If you want to dig deeper, Richard Elling wrote a more complete discussion (with more disks) of Price/Performance/Fault Tolerance of RAID-Levels which I highly recommend to read.
To summarize: The 20% price advantage that RAID-Z gives us, doesn't buy us very much:
We get slower read performance,
we get less fault-tolerance (read: A higher probability that we lose data), and
we get less flexibility and more clutter.
More disks in a RAID-Z set mean bigger savings, but performance, fault tolerance and flexibility gets worse the bigger the stripes get.

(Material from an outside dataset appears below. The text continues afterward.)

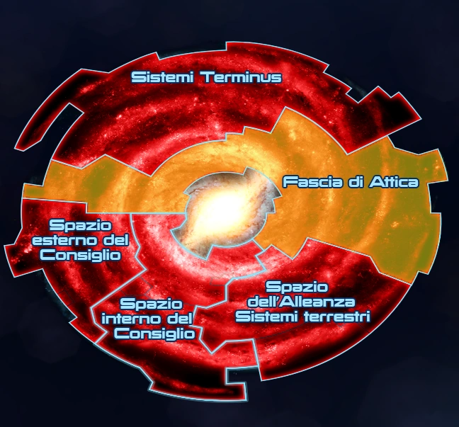 Situata vicino agli anarchici Sistemi Terminus, la Fascia di Attica è la vera frontiera dello spazio controllato dalla Cittadella. L'area contiene molti pianeti un tempo abitati dai Prothean e molti portali galattici si trovano in tutti i sistemi della Fascia. I coloni stabilitisi nella Fascia sono soggetti a continue incursioni e attacchi provenienti dai vicini Sistemi Terminus, ma la presenza di diversi mondi ricchi di risorse e rovine Prothean, continua ad attirare l'interesse coloniale.

Conclusion and a Bonus Strategy
You already guessed it: I like mirroring! Especially for home servers. It's simple. It's fast. It does a better job at protecting my data. I can expand my pool in increments of 2, not 3 disks. As Richard concludes in his article: Life's happier with mirrors.
I even added an extra bonus to my home server pool strategy:
In the summer of 2009, when I built my home system, I bought 2 x 1.5 TB disks (the older Samsung F2 HD154UI) and mirrored them (today, I'd buy two same-sized disks from different vendors, just to be sure not to run into any serial production issues).
In January, one of the disks showed 14 read errors. ZFS was able to fix them, because the disks were mirrored, and I got a warning: Time to think about hot spares. I bought the 2 TB Western Digital WD20EADSfor two reasons:
Just in case Samsung had a bad year, I wanted to switch vendors. Over time, I'll spread risk over different vendors in my pool.
When attaching the new disk to the 1.5 TB pool, I'll avoid any "sorry, your disk is just a few blocks to small" errors. While two disks may be sold with the same number of GB, they still may differ in small amounts. But adding a slightly smaller disk to a ZFS mirror simply doesn't work, but adding a bigger one always does.
I kept the disk that showed the read errors for now (it still works ok after resilvering), and attached the new disk to the mirror, forming a 3-way mirror. This is like a hot-spare that is already sync'ed in, providing an extra layer of fault-tolerance (I wouldn't complain about the extra 4W of power consumption, this is still as good as the cheaper 2+1 disk RAID-Z configuration from a power perspective, but much more fault-tolerant).
I'm now waiting for one of the 1.5 TB disks to really fail. This will give me an excuse to buy a second 2 TB disk, get rid of both 1.5 TB drives and ZFS will automatically grow the pool size to 2 TB. Automatic, organic pool growth through faulty drive replacement!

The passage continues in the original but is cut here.